Your copy should hold only the lines from the one containing "- Create records" through the final line of the entries, exactly as written, with no pictures.

- RECORD EXCERPTS -

-------

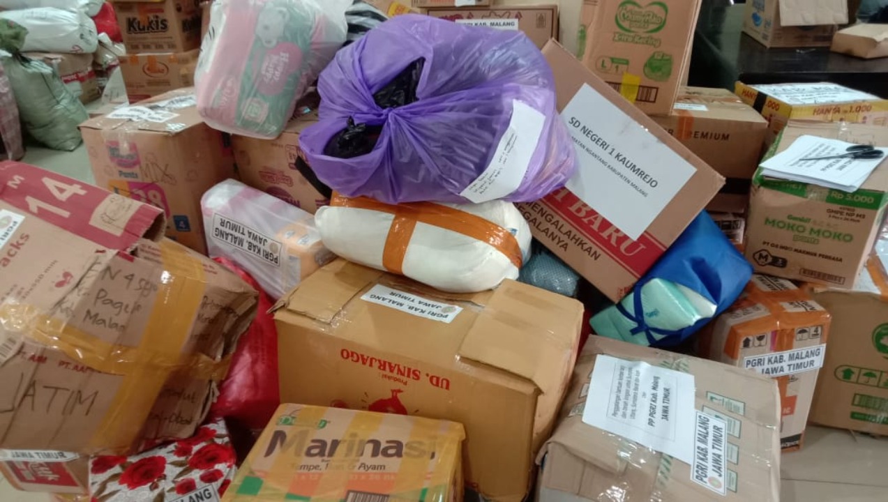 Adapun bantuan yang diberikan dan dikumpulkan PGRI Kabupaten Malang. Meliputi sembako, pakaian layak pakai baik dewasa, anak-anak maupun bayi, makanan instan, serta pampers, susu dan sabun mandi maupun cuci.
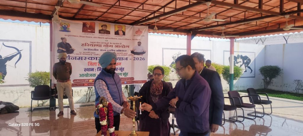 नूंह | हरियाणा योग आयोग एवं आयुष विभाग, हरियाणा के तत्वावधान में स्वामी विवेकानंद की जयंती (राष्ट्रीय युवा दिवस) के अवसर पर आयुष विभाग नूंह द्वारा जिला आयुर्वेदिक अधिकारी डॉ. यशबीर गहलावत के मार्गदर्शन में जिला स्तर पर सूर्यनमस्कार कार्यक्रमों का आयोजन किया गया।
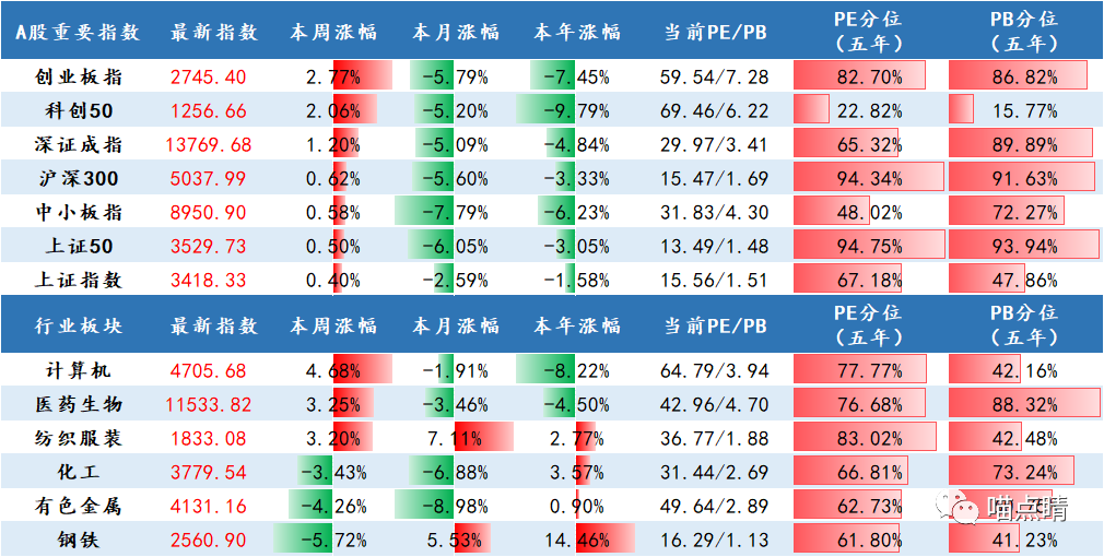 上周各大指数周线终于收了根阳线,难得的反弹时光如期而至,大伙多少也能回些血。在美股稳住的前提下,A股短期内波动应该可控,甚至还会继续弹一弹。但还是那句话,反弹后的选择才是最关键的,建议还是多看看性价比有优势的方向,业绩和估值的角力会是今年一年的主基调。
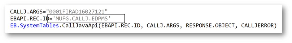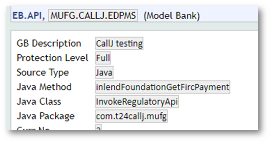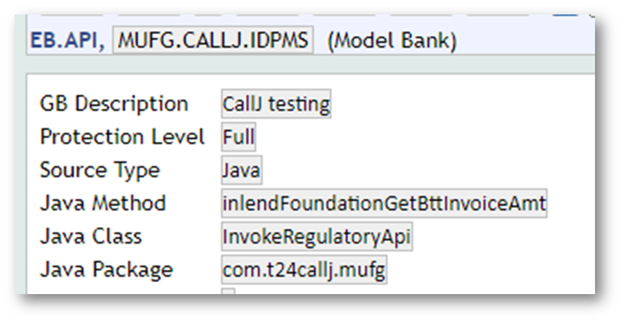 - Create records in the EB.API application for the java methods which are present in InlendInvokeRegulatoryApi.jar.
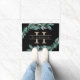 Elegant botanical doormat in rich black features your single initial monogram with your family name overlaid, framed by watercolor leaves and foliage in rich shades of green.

-------

- TASK RESULT -
 - Create records in the EB.API application for the java methods which are present in InlendInvokeRegulatoryApi.jar.
 Elegant botanical doormat in rich black features your single initial monogram with your family name overlaid, framed by watercolor leaves and foliage in rich shades of green.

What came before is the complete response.